The study of soil erosion mainly focuses on surface runoff experiment (Cerdan et al., 2010). Rainfall runoff occurs when the soil is saturated and rainfall rate exceeding infiltration rate. Erosion takes place when the raindrops break the bond between soil particles and displace them and surface flow carries displaced sediment.

To develop a soil erosion protection method, mulching has been successfully applied to reduce soil and water losses in different contexts, such as agricultural lands, fire-affected areas, rangelands and anthropic sites (Massimo et al., 2016). Mulching is referred to as the agronomic practice of leaving mulch on the soil surface for soil and water conservation and to favour plant growth (Jordán et al., 2010).

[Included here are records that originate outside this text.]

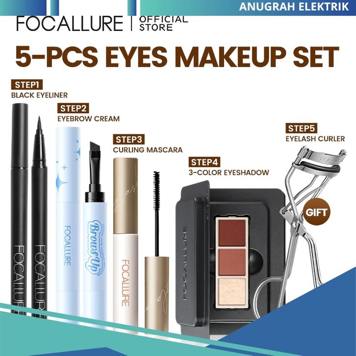 FOCALLURE 5PCS Eyes Makeup Set Eyeliner Eyebrow Mascara Eyeshadow Eyelash Curler
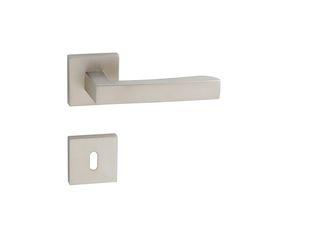 Rozetová kľučka na interiérové dvere s hranatou rozetou je vyrobená z materiálov vysokej kvality – zamak a je povrchovo upravená. Rozeta má rozmery 50 mm x 50 mm a hrúbku 10 mm.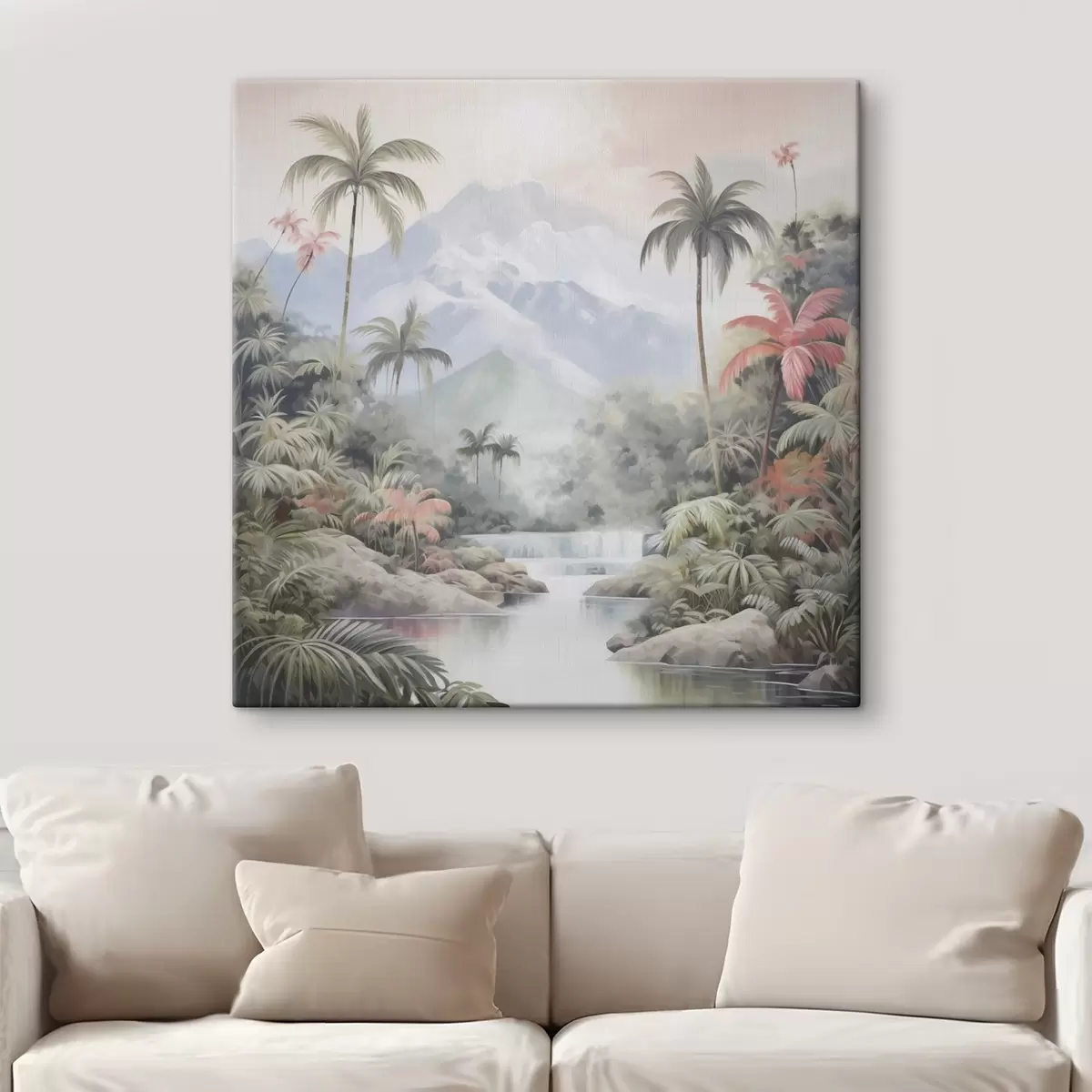 Wandbilder Fluss im tropischen Wald vor Bergen Art. s45913

The main objectives of this research were to: 1) Investigate the mechanisms of runoff, sediment discharge and infiltration using rainfall simulators.

2) Investigate
runoff, sediment discharge and infiltration in Phusawan watershed in Phetchburi Province in Thailand. 3) Determine the surface flow and permeability characteristics of mulching boards by rainfall simulation and 4) Evaluate the effectiveness of mulching boards in erosion control.

Literature reviews
Soil erosion consists of four main steps. As rainfall occurs, the rain drops onto the soil surface and makes first contact with the soil. The detachment process takes place when soil particles disengage as the rain touches down on the soil. Afterwards, the soil particles are transported by rolling, splashing, or dragging and translocate to another place. Finally, the soil particle is deposited at some other place at a lower elevation (Zafirah et al., 2017).The main types of soil erosion caused by nature are from water and wind. Water erosion is the result from the removal of soil by flowing water. The soil particles are detached and transported by rainfall, runoff, melting snow or ice, and irrigation (Gilley, 2005).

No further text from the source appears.